Data to process:
....................

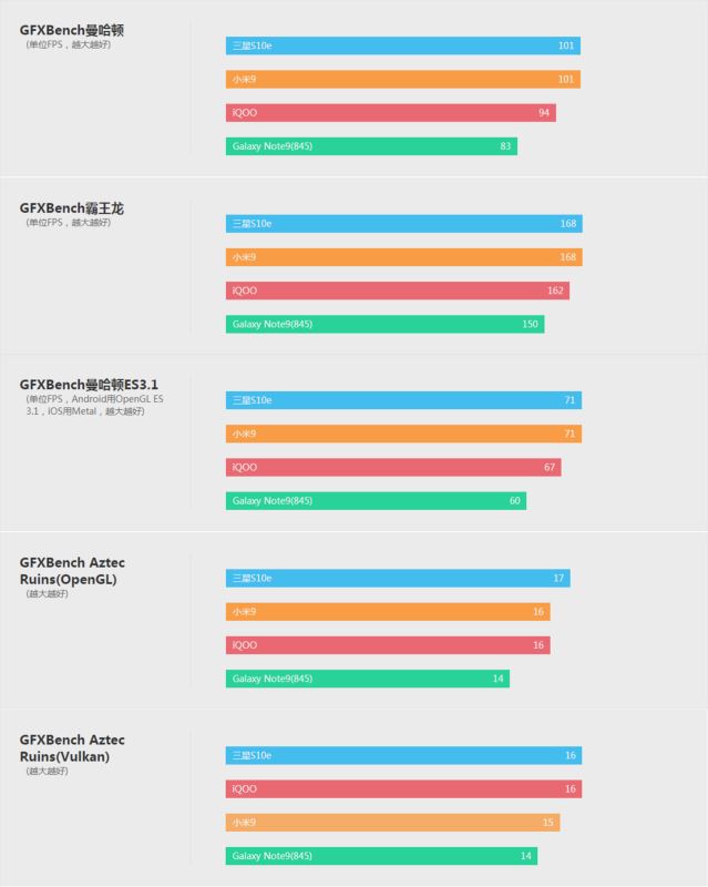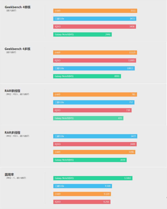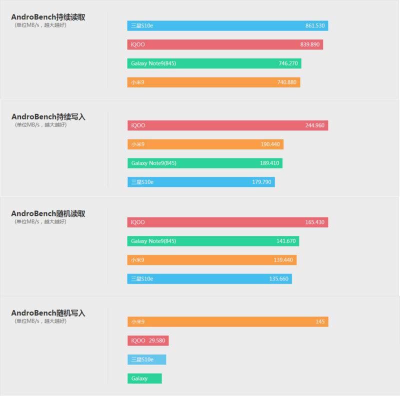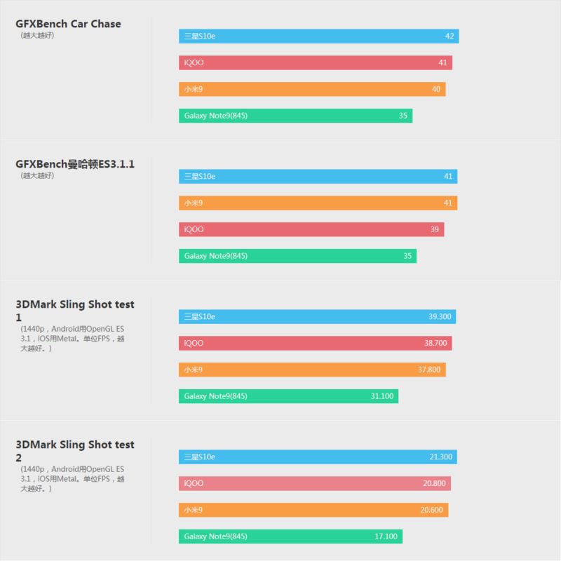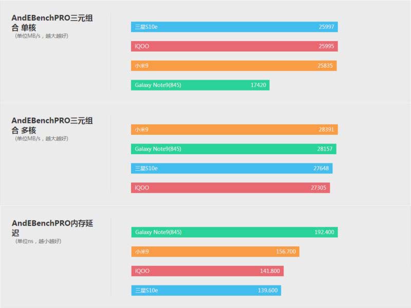 三星 S10e 国行版本采用骁龙 855 SoC,这颗芯片的具体表现我们已经在以往的文章分析过了。6GB LPRRD4x 2133MHz 内存,128GB UFS2.1 闪存,下面通过跑分对比一下同为骁龙 855 的小米 9 和 iQOO。
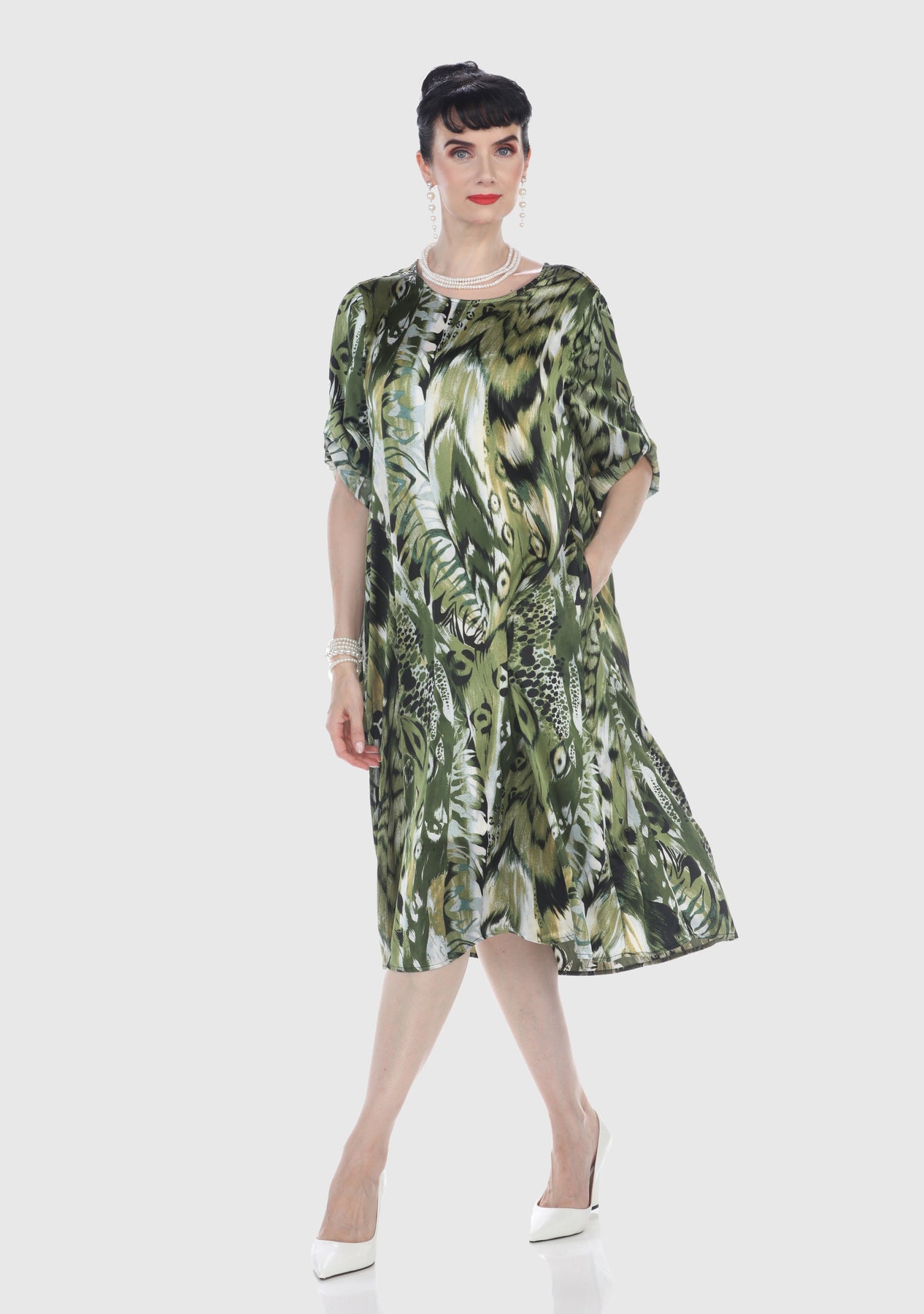 The A-Line Midi Dress with Sleeves is a 100% polyester dress featuring a round neck, 3/4 sleeves, and an animal print. Machine washable for easy care.
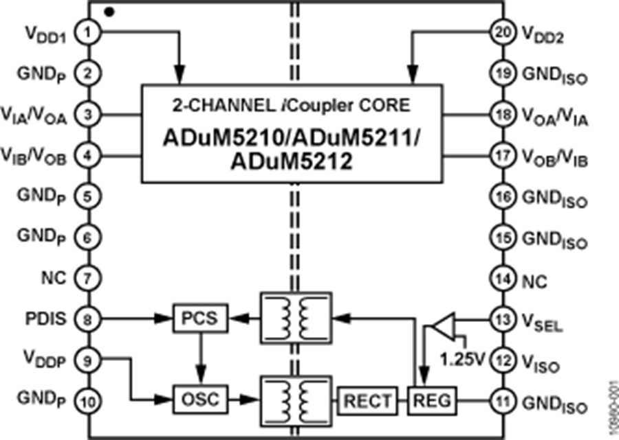 ADuM1510 基于ADI公司iCouple技術(shù)的單向、五通道數(shù)位隔離器 ADuM1510是一款基于ADI公司iCouple®技術(shù)的單向、五通道數(shù)位隔離器。這些隔離
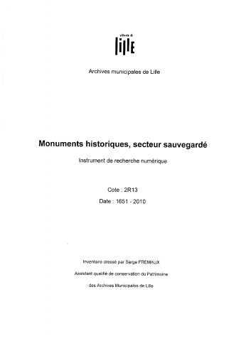 Cette sous-série conserve les dossiers relatifs au secteur sauvegardé et aux monuments historiques lillois.
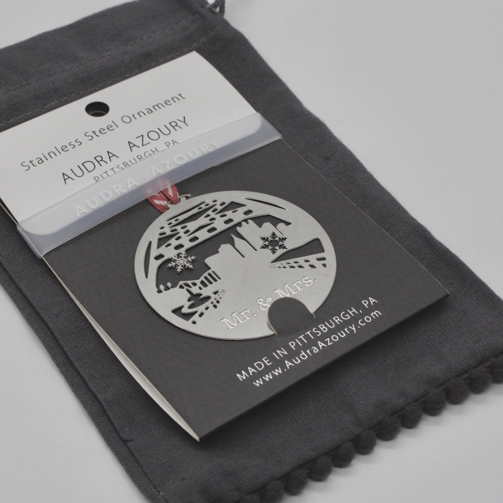 Mr. & Mrs. Just Married Pittsburgh Design Ornament is the perfect gift for the newlyweds! 2" round and made from lightweight stainless steel.
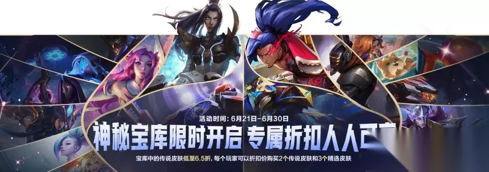 峡谷中隐约有金光闪出,到底发生了什么事情?待隆哥去一探究竟~ 神秘宝库 限时开启 神秘宝库限时开启,专属折扣人人可享!6月21日至6月30日活动期间,神秘宝库限时开启,每位召唤师最多可获取5张皮肤折扣券,传说皮肤低至6.5折,召唤师们走过路过不要错过~
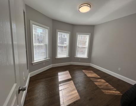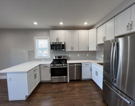 This condo quality newer renovation (Winter 2022) will be available for 9/1/26 move in! This 2 bedroom, 1 bathroom apartment offers an open living room and kitchen layout with a breakfast bar and plenty of living space. The new bathroom is fully tiled, with a great tile and glass door shower! There is central air and laundry in the unit! There is plenty of outdoor space and off street parking space available! Inquire for parking details!

....................

About this exercise:
Each entry must be retyped word for word, with every image omitted.

Your response:
 三星 S10e 国行版本采用骁龙 855 SoC,这颗芯片的具体表现我们已经在以往的文章分析过了。6GB LPRRD4x 2133MHz 内存,128GB UFS2.1 闪存,下面通过跑分对比一下同为骁龙 855 的小米 9 和 iQOO。
 The A-Line Midi Dress with Sleeves is a 100% polyester dress featuring a round neck, 3/4 sleeves, and an animal print. Machine washable for easy care.
 ADuM1510 基于ADI公司iCouple技術(shù)的單向、五通道數(shù)位隔離器 ADuM1510是一款基于ADI公司iCouple®技術(shù)的單向、五通道數(shù)位隔離器。這些隔離
 Cette sous-série conserve les dossiers relatifs au secteur sauvegardé et aux monuments historiques lillois.
 Mr. & Mrs. Just Married Pittsburgh Design Ornament is the perfect gift for the newlyweds! 2" round and made from lightweight stainless steel.
 峡谷中隐约有金光闪出,到底发生了什么事情?待隆哥去一探究竟~ 神秘宝库 限时开启 神秘宝库限时开启,专属折扣人人可享!6月21日至6月30日活动期间,神秘宝库限时开启,每位召唤师最多可获取5张皮肤折扣券,传说皮肤低至6.5折,召唤师们走过路过不要错过~
 This condo quality newer renovation (Winter 2022) will be available for 9/1/26 move in! This 2 bedroom, 1 bathroom apartment offers an open living room and kitchen layout with a breakfast bar and plenty of living space. The new bathroom is fully tiled, with a great tile and glass door shower! There is central air and laundry in the unit! There is plenty of outdoor space and off street parking space available! Inquire for parking details!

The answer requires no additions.